TASK DIRECTIONS
Please restate every line below exactly, without any pictures.

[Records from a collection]
=-=-=-=-=

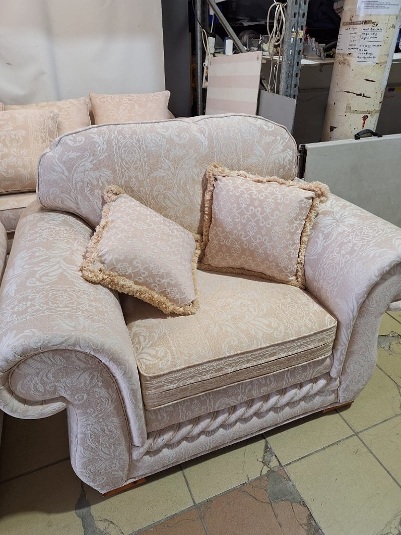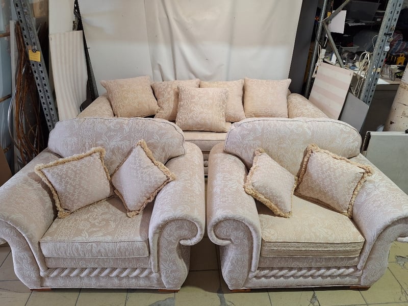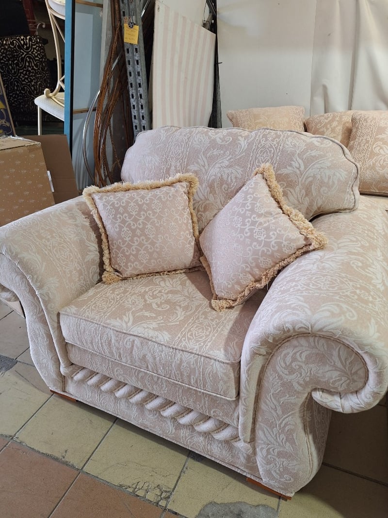 5 Seater Sofa With Cushions, Fabric Style, Cream FinishDimensions Single Seater H:80cm W:130cm D:93cmDimensions 3 Seater H:80cm W:250cm D:93cmSOLD AS LOT
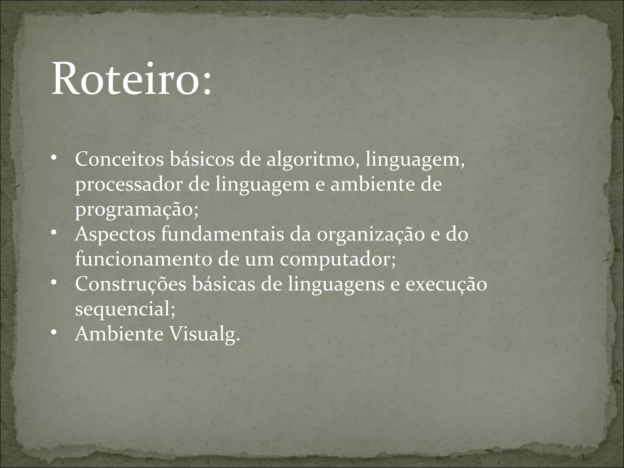 - Definição de algoritmos, variáveis, tipos de dados, expressões e comandos;
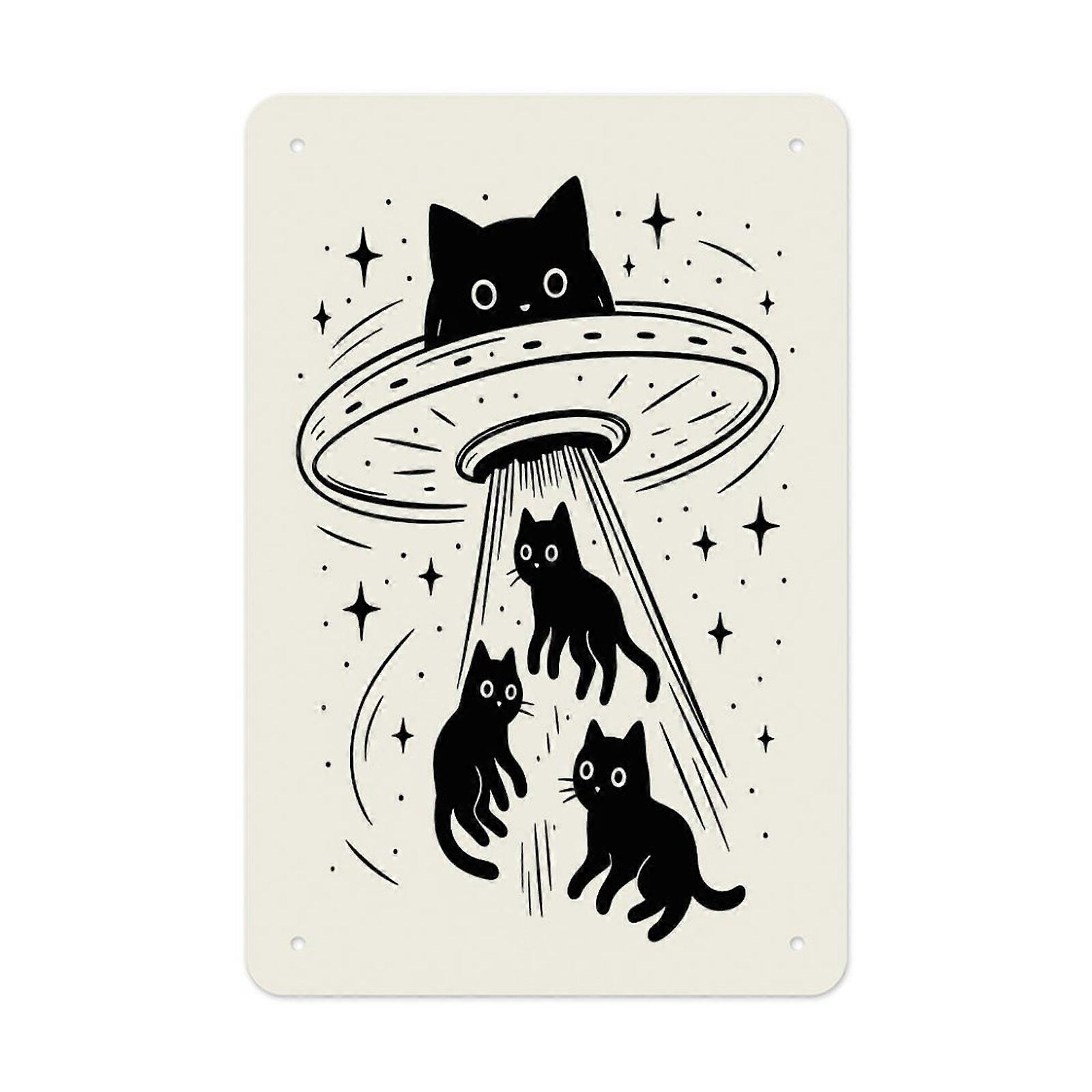 Funny UFO Cat Abduction Graphic Tin Sign Metal Wall Art Cute Cartoon Home Decor
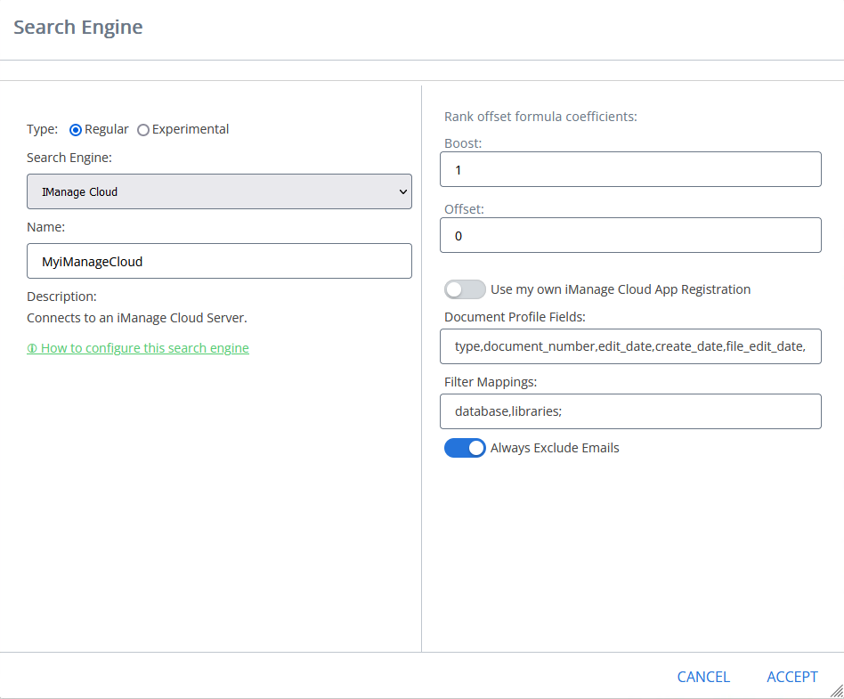 - Add New Search Engine: Click the "Add New Search Engine" link to add your new iManage search engine.
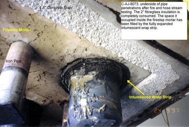 Keywords: Caj8073 fibreglass afterwards.jpg Underside of Assembly for UL certification listing C-AJ-8073 Configuration D the mortar is intact the fibreglass has disappeared and the intumescent wrap strip has occupied the space formerly held by the insulation Own 2007-06-25 Achim Hering Firestops Cable trays Fire testing Concrete Plumbing Cement Thermal insulation Construction materials Fibreglass Intumescents CAJ 8073 FS195 3M Fire Barrier Mortar |
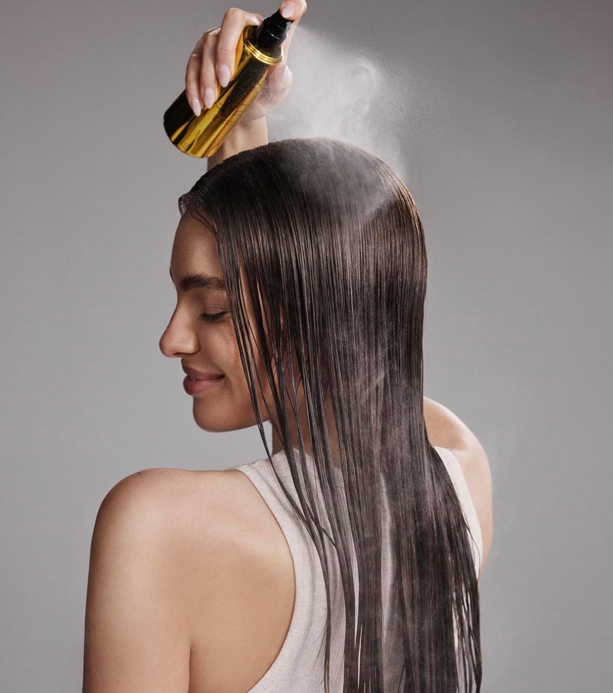 2. Vaporisez le spray généreusement et uniformément sur cheveux essorés (non mouillés).
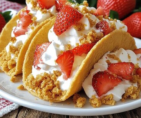 - These are dessert tacos featuring crispy taco shells filled with creamy cheesecake and topped with fresh strawberries and graham cracker crumbs.
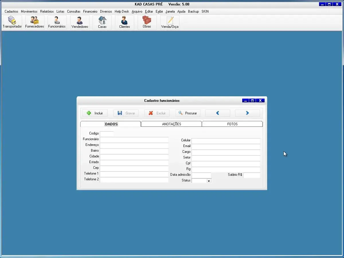 transportadoras, fornecedores, funcionários, vendedor, casas, clientes

=-=-=-=-=

FINISHED TASK
 5 Seater Sofa With Cushions, Fabric Style, Cream FinishDimensions Single Seater H:80cm W:130cm D:93cmDimensions 3 Seater H:80cm W:250cm D:93cmSOLD AS LOT
 - Definição de algoritmos, variáveis, tipos de dados, expressões e comandos;
 Funny UFO Cat Abduction Graphic Tin Sign Metal Wall Art Cute Cartoon Home Decor
 - Add New Search Engine: Click the "Add New Search Engine" link to add your new iManage search engine.
 Keywords: Caj8073 fibreglass afterwards.jpg Underside of Assembly for UL certification listing C-AJ-8073 Configuration D the mortar is intact the fibreglass has disappeared and the intumescent wrap strip has occupied the space formerly held by the insulation Own 2007-06-25 Achim Hering Firestops Cable trays Fire testing Concrete Plumbing Cement Thermal insulation Construction materials Fibreglass Intumescents CAJ 8073 FS195 3M Fire Barrier Mortar |
 2. Vaporisez le spray généreusement et uniformément sur cheveux essorés (non mouillés).
 - These are dessert tacos featuring crispy taco shells filled with creamy cheesecake and topped with fresh strawberries and graham cracker crumbs.
 transportadoras, fornecedores, funcionários, vendedor, casas, clientes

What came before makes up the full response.